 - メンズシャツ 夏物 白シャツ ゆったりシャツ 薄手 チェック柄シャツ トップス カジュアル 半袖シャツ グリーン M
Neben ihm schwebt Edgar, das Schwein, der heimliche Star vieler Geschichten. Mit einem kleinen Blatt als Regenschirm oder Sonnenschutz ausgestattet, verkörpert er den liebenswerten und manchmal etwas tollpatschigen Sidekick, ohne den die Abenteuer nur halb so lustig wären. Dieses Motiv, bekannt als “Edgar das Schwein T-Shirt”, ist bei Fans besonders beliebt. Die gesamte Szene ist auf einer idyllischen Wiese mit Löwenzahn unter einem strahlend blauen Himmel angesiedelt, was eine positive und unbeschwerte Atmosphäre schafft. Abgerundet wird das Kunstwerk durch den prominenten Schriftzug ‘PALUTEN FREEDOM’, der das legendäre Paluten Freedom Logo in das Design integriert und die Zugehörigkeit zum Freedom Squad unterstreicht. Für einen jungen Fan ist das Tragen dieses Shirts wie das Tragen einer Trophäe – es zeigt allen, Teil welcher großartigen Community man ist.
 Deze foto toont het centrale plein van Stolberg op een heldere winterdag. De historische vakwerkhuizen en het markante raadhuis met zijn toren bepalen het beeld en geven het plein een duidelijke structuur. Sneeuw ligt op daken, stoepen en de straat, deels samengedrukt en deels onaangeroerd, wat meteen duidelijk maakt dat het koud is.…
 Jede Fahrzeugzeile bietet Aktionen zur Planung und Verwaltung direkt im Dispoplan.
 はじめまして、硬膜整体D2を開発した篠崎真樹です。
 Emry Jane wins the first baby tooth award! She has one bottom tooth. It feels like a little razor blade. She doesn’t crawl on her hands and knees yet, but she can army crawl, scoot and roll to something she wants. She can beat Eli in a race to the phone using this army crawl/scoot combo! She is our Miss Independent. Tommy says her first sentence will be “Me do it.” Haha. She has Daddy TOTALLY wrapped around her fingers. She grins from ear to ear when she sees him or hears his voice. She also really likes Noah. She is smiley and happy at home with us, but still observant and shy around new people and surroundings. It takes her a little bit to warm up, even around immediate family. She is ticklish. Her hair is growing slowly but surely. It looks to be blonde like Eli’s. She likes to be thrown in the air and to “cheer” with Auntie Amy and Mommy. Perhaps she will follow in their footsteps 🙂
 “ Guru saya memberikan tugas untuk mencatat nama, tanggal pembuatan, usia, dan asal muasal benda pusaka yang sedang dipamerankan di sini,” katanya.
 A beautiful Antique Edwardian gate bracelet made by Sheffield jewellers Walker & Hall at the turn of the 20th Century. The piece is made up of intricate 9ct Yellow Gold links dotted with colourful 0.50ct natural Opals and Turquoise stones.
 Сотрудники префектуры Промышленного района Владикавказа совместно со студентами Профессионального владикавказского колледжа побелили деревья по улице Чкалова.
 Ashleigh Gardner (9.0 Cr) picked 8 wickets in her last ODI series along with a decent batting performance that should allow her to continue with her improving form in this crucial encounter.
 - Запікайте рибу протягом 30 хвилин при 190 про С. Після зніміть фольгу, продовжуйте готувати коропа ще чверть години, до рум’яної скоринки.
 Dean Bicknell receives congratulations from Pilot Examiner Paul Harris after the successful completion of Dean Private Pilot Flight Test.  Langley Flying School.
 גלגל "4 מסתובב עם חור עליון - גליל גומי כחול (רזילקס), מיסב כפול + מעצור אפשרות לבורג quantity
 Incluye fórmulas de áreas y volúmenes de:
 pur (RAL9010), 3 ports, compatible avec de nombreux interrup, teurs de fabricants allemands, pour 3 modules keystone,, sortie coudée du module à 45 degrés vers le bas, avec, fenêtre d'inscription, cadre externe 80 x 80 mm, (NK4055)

## WHAT THE TASK REQUIRES
Transcribe, exactly and without additions, the lines of the records above, beginning with the line that contains "Deze foto toont" and ending with the line that contains "はじめまして、硬膜整体D2を開発した篠崎真樹です。", both included.

## WORKED SOLUTION
 Deze foto toont het centrale plein van Stolberg op een heldere winterdag. De historische vakwerkhuizen en het markante raadhuis met zijn toren bepalen het beeld en geven het plein een duidelijke structuur. Sneeuw ligt op daken, stoepen en de straat, deels samengedrukt en deels onaangeroerd, wat meteen duidelijk maakt dat het koud is.…
 Jede Fahrzeugzeile bietet Aktionen zur Planung und Verwaltung direkt im Dispoplan.
 はじめまして、硬膜整体D2を開発した篠崎真樹です。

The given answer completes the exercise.